According to state law, however, nursing home staff can’t assist residents with voting. In fact, nobody can help the voter other than a relative or “special voting deputies,” which are people appointed by municipal clerks or elections boards to conduct absentee voting at care facilities.

In March, however, the Wisconsin Elections Commission sent out a letter mandating that municipalities should not use the “special voting deputy process.”

“Ladies and gentleman, it’s not a process. It’s the law,” Luell said, citing state Statute 6.875.

The original letter was issued under the guise of COVID guidelines. Nevertheless, in September, after the governors’ lockdown orders had expired and the initial shock of the pandemic had passed, the Wisconsin Elections Commission sent a letter to all residential care facilities telling the workers how to help residents vote, including even marking the ballot for them, in direct violation of state law.

Racine law enforcement looked at 2020 visitor logs and found that other visitors were let into the nursing home throughout the pandemic, about 900 times between the decision in March not to use special voting deputies and November 2020. Those visitors included someone to clean the fish tanks and birdcages and even DoorDash delivery people.

“Those people were allowed into the Ridgewood Care Facility, but heaven forbid we make an exception for special voting deputies,” Luell said.

Under Wisconsin state statute 12.13, breaking these laws about special voting deputies constitutes “election fraud,” which is a felony.

“We’re just one of 72 counties, Racine County,” Schmaling noted. “Ridgeland is one of 11 facilities within our county. There are literally hundreds and hundreds of these facilities throughout the entire state of Wisconsin. We would be foolish, we would be foolish to think for a moment that this integrity issue, this violation of the statute, occurred to just this small group of people at one care facility in one county in the entire state. I would submit to you that this needs the attorney general’s investigation,” the sheriff said, calling for the AG to launch an immediate probe into the Wisconsin Elections Commission.

Add It to the List

This bombshell investigation is only the latest in the long list of malfeasant actions by the Wisconsin Elections Commission, especially regarding the 2020 election. As Wisconsin radio host and lawyer Dan O’Donnell put it, the commission “was downright derelict in its duty to fairly and impartially oversee an election.”

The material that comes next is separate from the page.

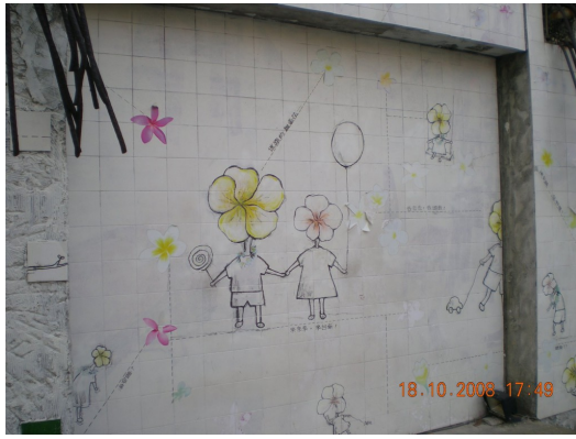
台南市海安路兩旁的創意塗鴉，由眾多藝術家聯合創作，風格多元並結合當地人文，是名副其實的文創觀光景點。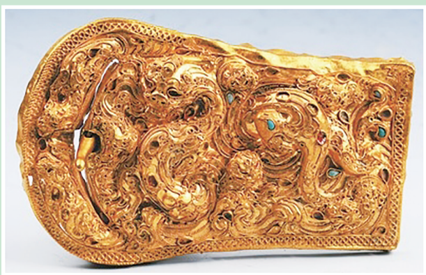
汉代八龙纹金带扣。

As O’Donnell documented, the commission unlawfully allowed clerks to “cure” ballots, illegally permitted clerks to go home on election night and return to finish counting in the morning, and illegally told clerks they could relocate polling locations in the weeks before the election.

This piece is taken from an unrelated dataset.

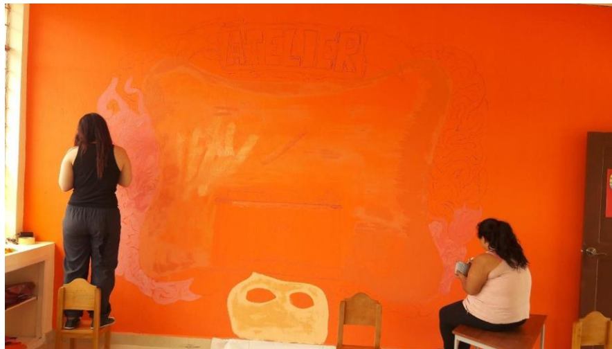
Imagen 4. Elaboración mural.

Al finalizar la valoración e inventario se realizó una salida pedagógica con los niños para la recolección de materiales varios, entre ellos hojas, piedras, ramas, etc. Esta salida tenía como lugar de recolección el

Furthermore, the commission failed to issue relevant laws and rules for training municipal election workers, special voting deputies, and election inspections. Worse, it failed to investigate voter rolls for the hundreds of thousands there incorrectly, including more than 45,000 first-time voters whose names didn’t match Department of Transportation records, among other issues.

As The Federalist’s Mollie Hemingway outlines in her new book “Rigged: How the Media, Big Tech, and the Democrats Seized Our Elections,” the Wisconsin Elections Commission also wrongly kept third-party candidates off the ballot, including Kanye West and the Green Party’s Howie Hawkins. Third parties can significantly affect elections in the Dairy State.

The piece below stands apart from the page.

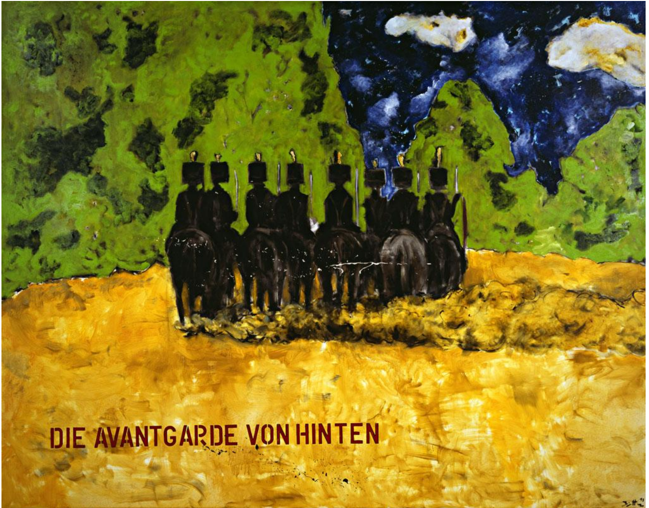
Die Avantgarde von Hinten (les avant-gardes de derrière) , 2011 Huile sur toile / Oil on canvas, 300 x 200 cm © Egbert Haneke Courtesy Werner Büttner - Marion Meyer Contemporain

“Following the [Legislative Audit Bureau] report, what Sheriff Schmaling has uncovered + disclosed might only be tip of the iceberg of fraud in the 2020 election. The Legislature must be given the time, resources, and cooperation of election officials to conduct a complete investigation of allegations,” tweeted Republican Sen. Ron Johnson of Wisconsin following the Racine press conference. “Using elderly residents with cognitive decline to commit election fraud is reprehensible, and should concern every Wisconsinite and American.”

Johnson continued: “If Democrats will stoop this low to impact elections, one can only imagine what else they’re willing to do.”